March 22, 2023 — An attorney who successfully overturned a billion-dollar Alaska oil tax credit program is now targeting the state’s management of its salmon fisheries.
On Monday in Bethel, attorney Joe Geldhof argued that the state is managing those fisheries so poorly that it is violating the Alaska Constitution. Article VIII, Section 4 of the constitution says that fisheries should be managed “on the sustained yield principle,” and Geldhof — representing a Juneau man, Eric Forrer — argues that declining king and chum salmon returns in the Kuskokwim and Yukon rivers “illustrate a failure to adhere to the constitutional directive regarding sustained yield.”
An unprecedented collapse in those fisheries has resulted in orders banning traditional subsistence fishing along the river.
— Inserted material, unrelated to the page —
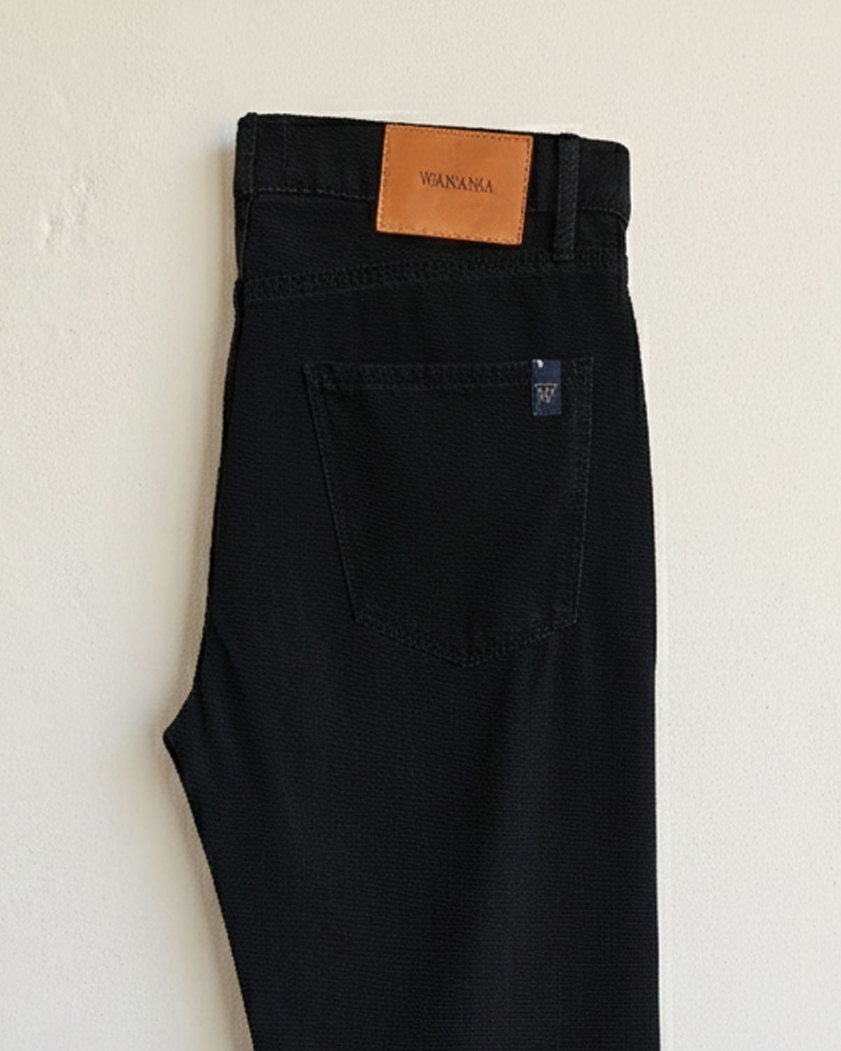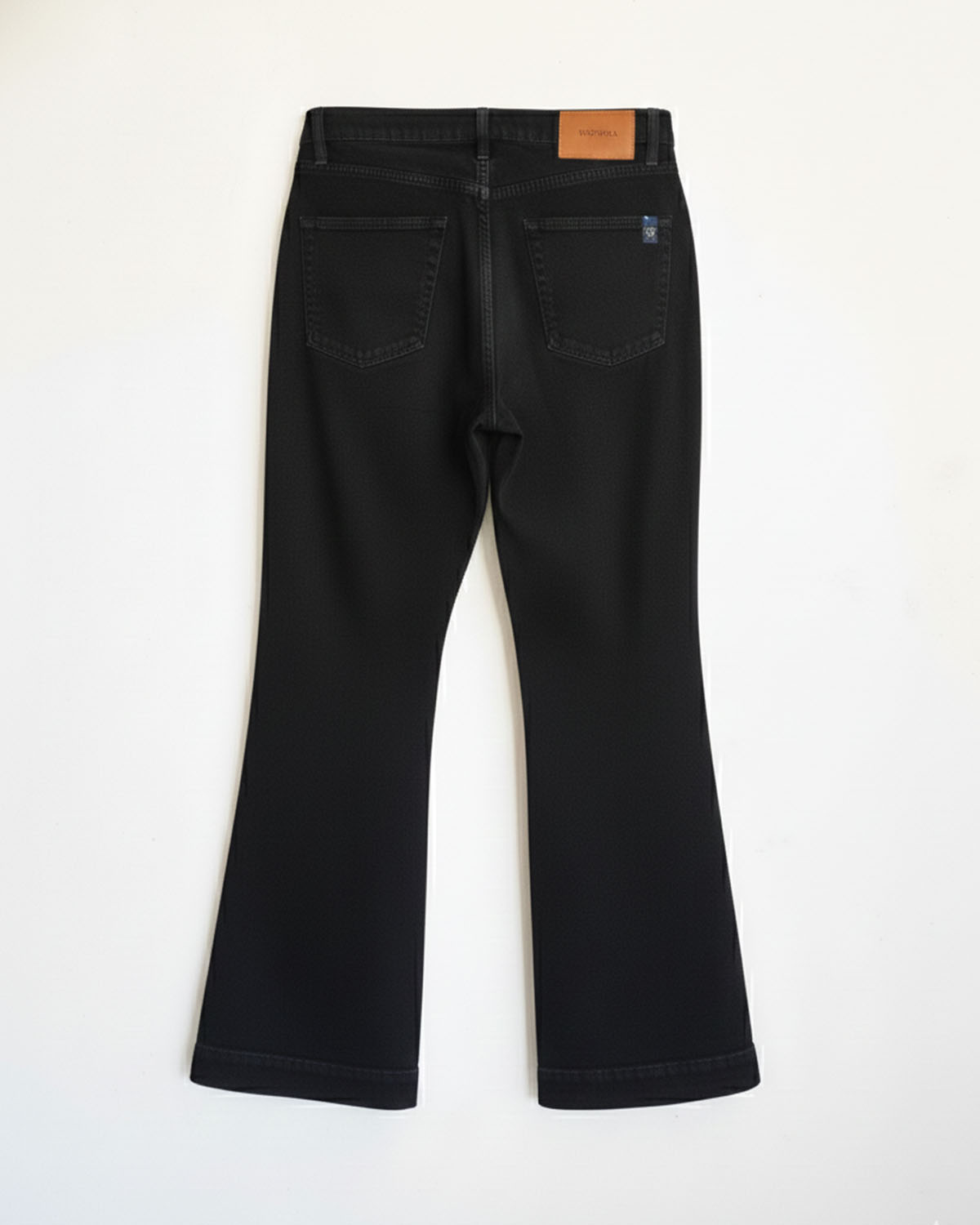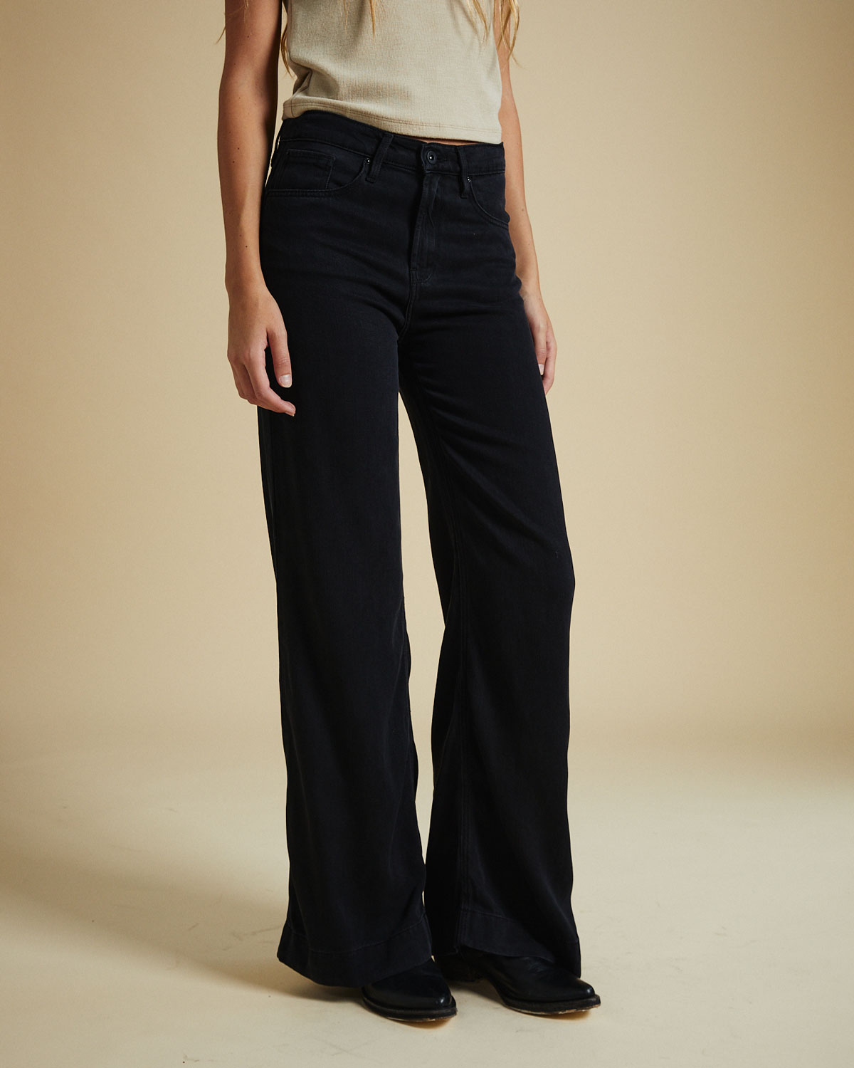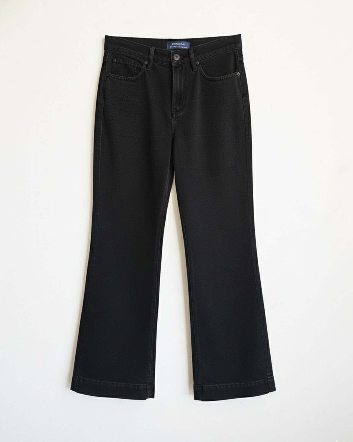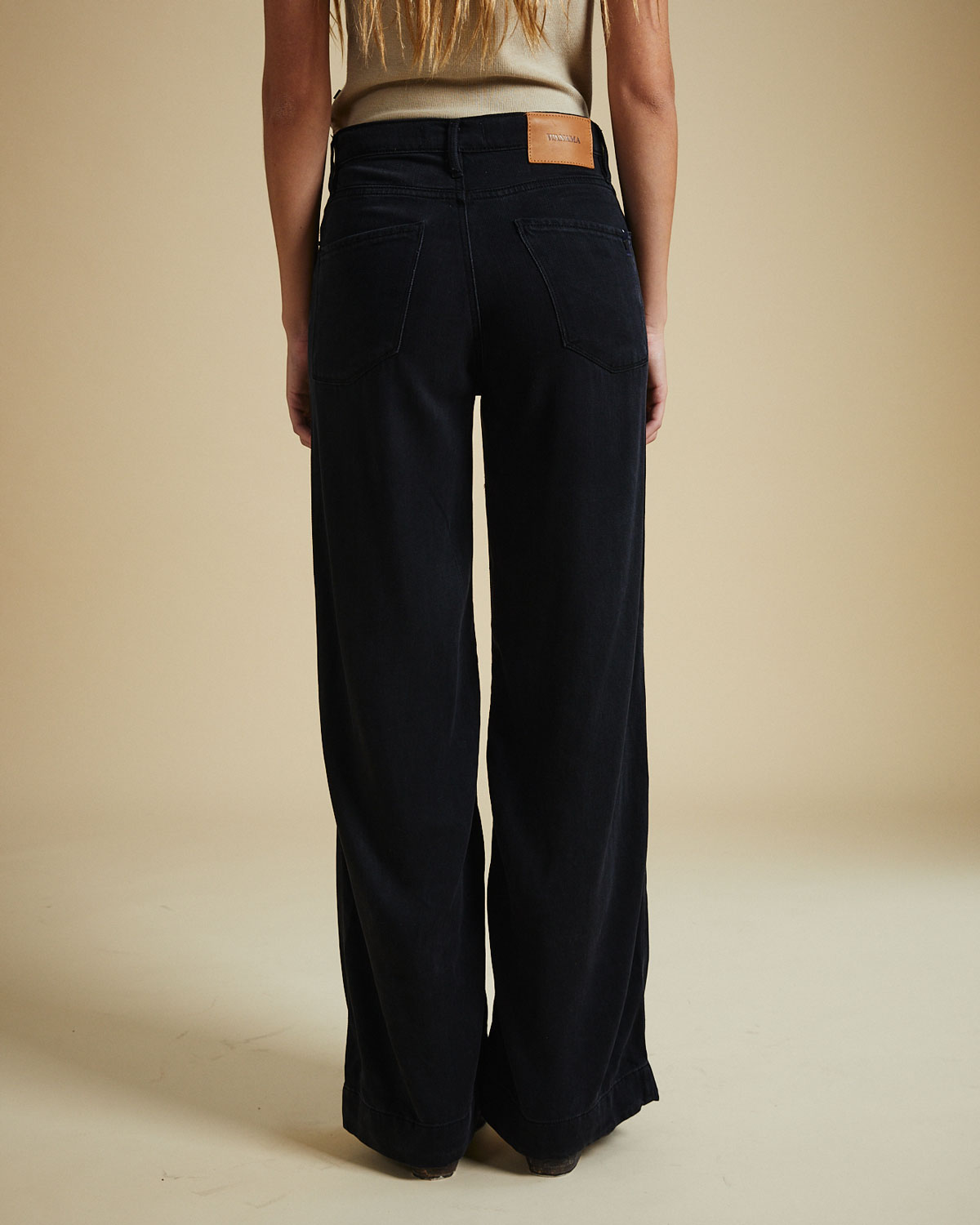 JEAN CONFECCIONADO EN TENCEL CON CALCE AL CUERPO Y BOTA ANCHA.

In a lawsuit filed last year against the state and the commissioner of the Alaska Department of Fish and Game, Forrer asked a judge in Bethel to issue a ruling declaring that the state is unconstitutionally managing the Yukon and Kuskokwim salmon fisheries and for a “mutually agreeable consent decree” outlining an as-yet-unwritten new management system.
Geldhof’s case is one of the first challenging the state in court over the failure of the Yukon and Kuskokwim fisheries, and he isn’t sure what a fix would look like.